#### Data below

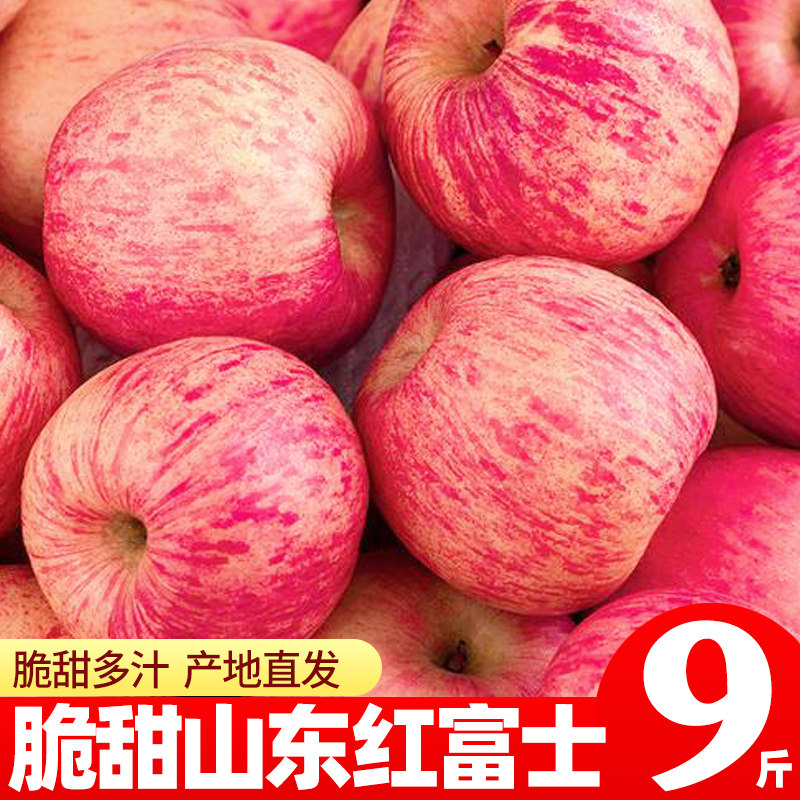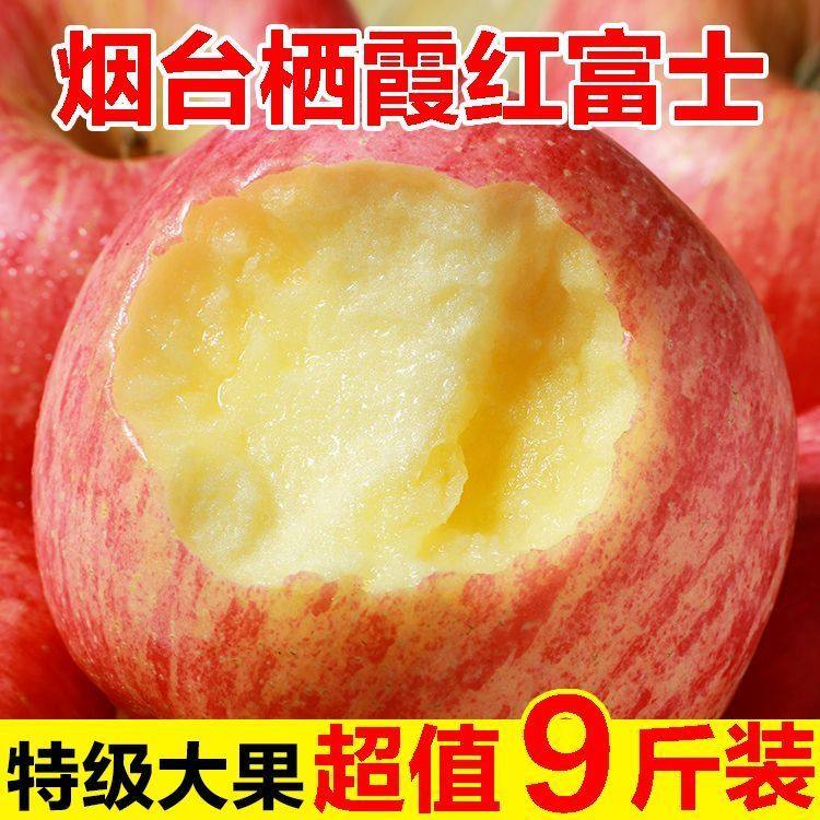 山东烟台苹果栖霞红富士苹果孕妇新鲜水果脆甜汁现摘绿色整箱包邮
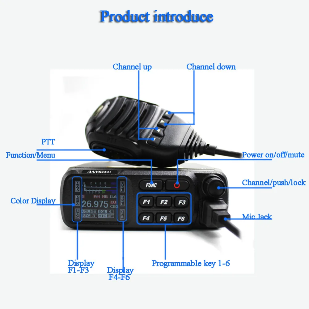 A-CB27 ОписаниеA-CB27-это мульти-нормы AM/FM citizen band мобильное радио, с красочным TFT ЖК-экраном, максимум 40 каналов, 6 программируемых клавиатуры с отображением на экране 6 функций, приносит вам новое ощущение визуального era.
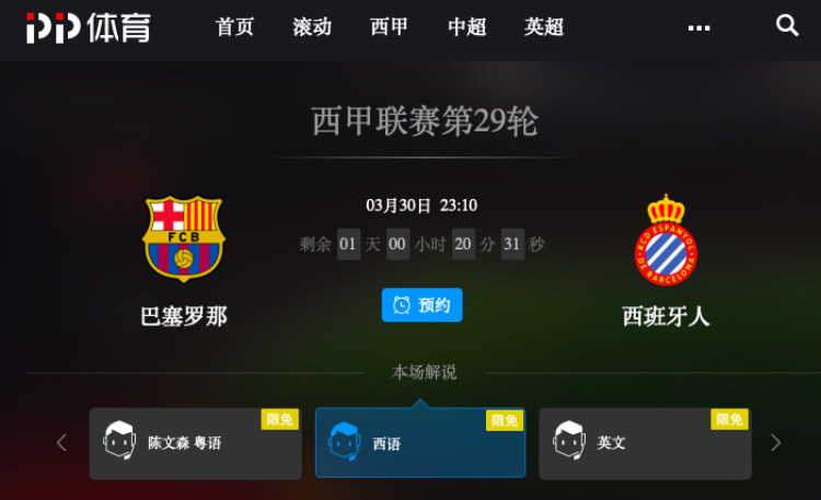 PPTV本场比赛一共将提供6路解说信号,球迷可以根据自己的喜好来选择解说嘉宾。比如,你要是想体验原汁原味的西甲,还可以选择PPTV的西班牙语解说。

########

=== Exercise goal ===
Except for the pictures, give all the material above again verbatim.

=== Answer to this problem ===
 山东烟台苹果栖霞红富士苹果孕妇新鲜水果脆甜汁现摘绿色整箱包邮
 A-CB27 ОписаниеA-CB27-это мульти-нормы AM/FM citizen band мобильное радио, с красочным TFT ЖК-экраном, максимум 40 каналов, 6 программируемых клавиатуры с отображением на экране 6 функций, приносит вам новое ощущение визуального era.
 PPTV本场比赛一共将提供6路解说信号,球迷可以根据自己的喜好来选择解说嘉宾。比如,你要是想体验原汁原味的西甲,还可以选择PPTV的西班牙语解说。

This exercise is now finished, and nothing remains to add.